Loading...

XML

Word

Printable

Details

Type: Bug
Resolution: Fixed
Priority: Not Evaluated
Fix Version/s: Qt Creator 7.0.0-beta1
Affects Version/s: Qt Creator 6.0.1
Component/s: C/C++/Obj-C++ Support
Labels:
None
Environment:
Windows 10, see body for hardware specs

Platform/s:

Windows

Description

tl:dr;

In src/libs/cplusplus/pp-engine.cpp, Preprocessor::handleFunctionLikeMacro creates a QVector<PPToken> and then calls QVector::reserve(MAX_TOKEN_EXPANSION_COUNT). MAX_TOKEN_EXPANSION_COUNT=5000, so this forces the allocation of a substantial amount of memory. Since preprocessing happens from multiple threads concurrently, and since (AFAIK) there is no attempt to use separate heaps for each thread, this allocation (and deallocation) requires a lock (at the OS level). This lock contention makes the preprocessor quite slow on systems with a substantial number of cores.
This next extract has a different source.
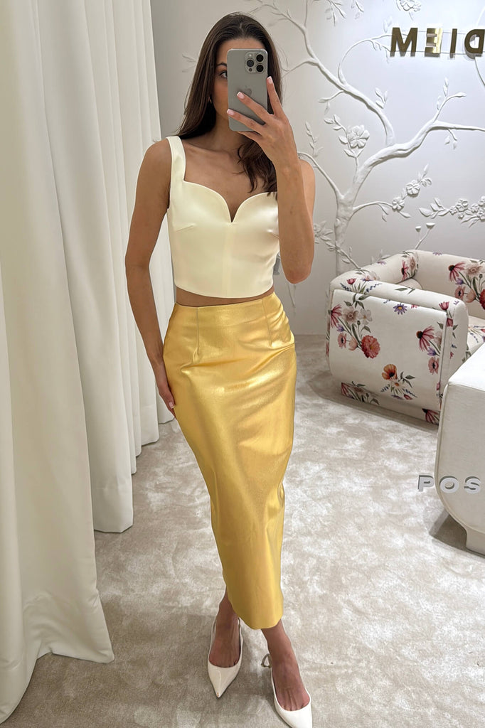 Channel your inner goddess in this sleek maxi skirt crafted from luxurious gold fabric. The body-skimming silhouette hugs your curves, creating a timeless, elegant look. This skirt is the ultimate statement piece, adding a touch of sophistication to any outfit.
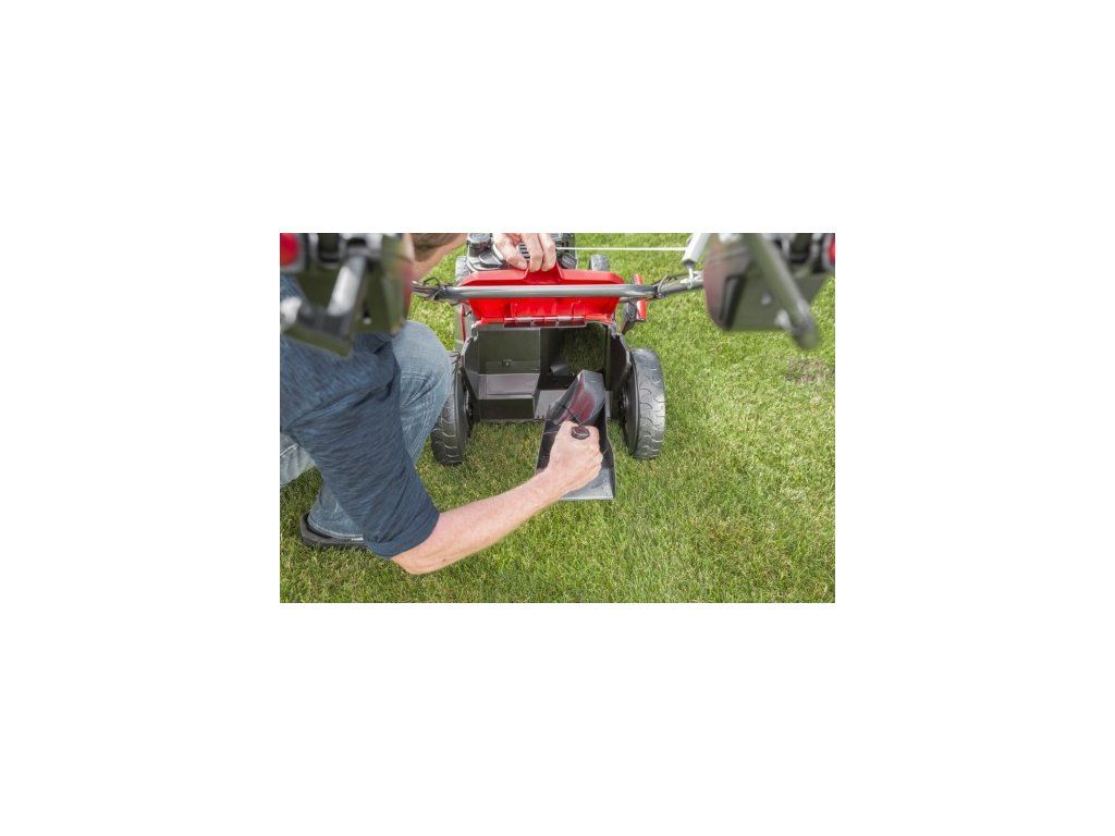 S řeznou šířkou 46 cm zajišťuje benzinová sekačka na trávu Premium 470 SP-A rychlý pokrok i ve středně velkých zahradách (až do 1400 m²). Výška sečení se nastavuje centrálně až v 7 krocích od 30 mm do 80 mm. Motor AL-KO Pro 170 o výkonu 2,6 kW s technologií OHV dosahuje vynikající účinnosti. Díky 1-rychlostnímu pohonu kol a XXL hladkým běhům kol je pokrok v zahradě bez námahy. Funkce 4IN1 nabízí sečení, chytání, mulčování a boční vyhazování trávníku. Ergonomicky tvarovaná řídítka a snadno zavěšitelná záchytná schránka zvyšují pohodlí při práci. Odřezky trávy se dostávají skrz extra vysoký kryt z oceli s technologií MaxAirflow zpět do 70 l velkého sběrného koše s ukazatelem plnosti.

I am using QtC 6.0.1 on Windows 10. Creator often is very sluggish when opening, closing, and editing files. My machine has a 16 physical core/32 virtual core CPU, 32 GB memory, and all storage is on NVMe SSD drives, so I think it is fair to expect good performance based on my hardware.

The project I am using is very large (>5 million loc) and poorly organized. It uses PCH. The PCH include file includes > 100 other files, many of which include additional files. I realize this isn't ideal and I am working on improving this, but it's the situation I am faced with. The project won't compile with PCH disabled so I don't know whether PCH has anything to do with the problem I describe below.
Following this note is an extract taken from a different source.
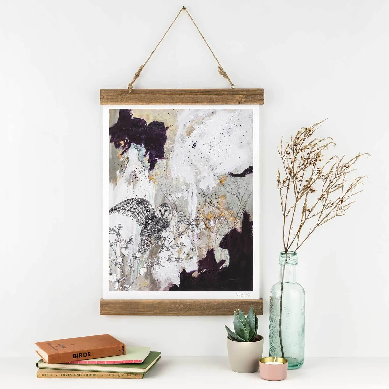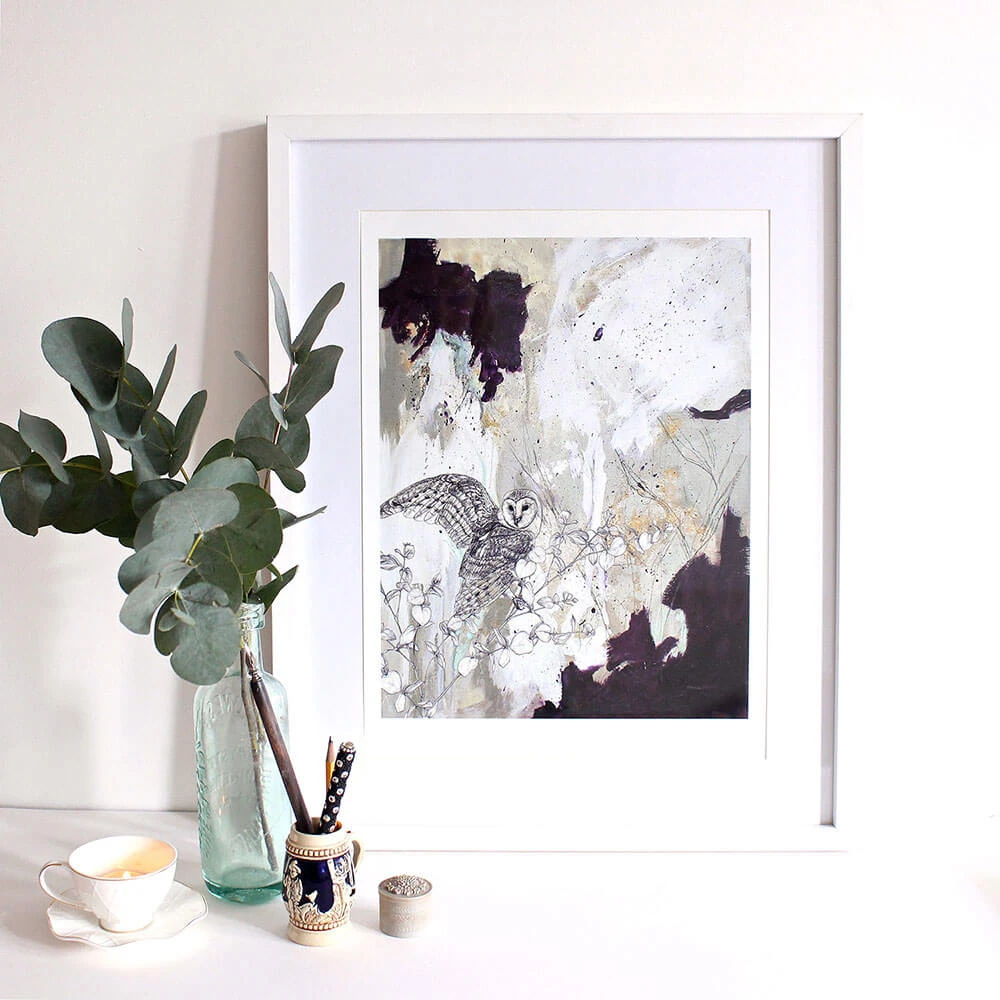 This is a stunning print of a barn owl perched among foliage over an abstract painted backdrop. It would make a beautiful addition to any home. The owl has been delicately illustrated by hand. It has then been digitally put together with an original painting which has also been created by Sky Siouki.

The clang code model is enabled. In the C++ settings/Code Model tab of preferences, I have only "Do not index files greater than 5 MB" checked. clangd is disabled.

I recently noticed in Task Manager that QtC was using ~4% CPU (equivalent to a bit over 1 core) when it had only 2 documents open and Creator had been unused (after performing a compile) for several minutes. I wouldn't expect Creator to be using CPU at all under these circumstances, so I investigated by collecting ETW traces.

The traces I collected were about 11 seconds long. During that time, QtC used ~12.5 s of CPU time. It did this across 32 threads. 30 of the 32 threads (selected in the image below) have essentially the same stack traces and the remaining analysis applies in principle to all 30 of these threads, though obviously the timing values would be different.

When I expand the stack of thread 56,092, the most expensive tree of the stack shows that handleFunctionLikeMacro is responsible for 210 ms of a total of ~680 ms. Within handleFunctionLikeMacro, essentially all of the time is spent in QList::reserve and free (these two lines are selected below):

If I look at all of the data from that same thread (not just the most expensive branch of the tree), it is clear that handleFunctionLikeMacro is responsible for almost all of the cost (654 of 683 ms total):

I can dive a bit further and find the total cost of QList::reserve (345/683 ms):

and free (306 of 683 ms):

Note that the two images above show ALL calls to QList::reserve and free (not just calls made from handleFunctionLikeMacro. But clearly it is the calls from within handleFunctionLikeMacro that are the problem.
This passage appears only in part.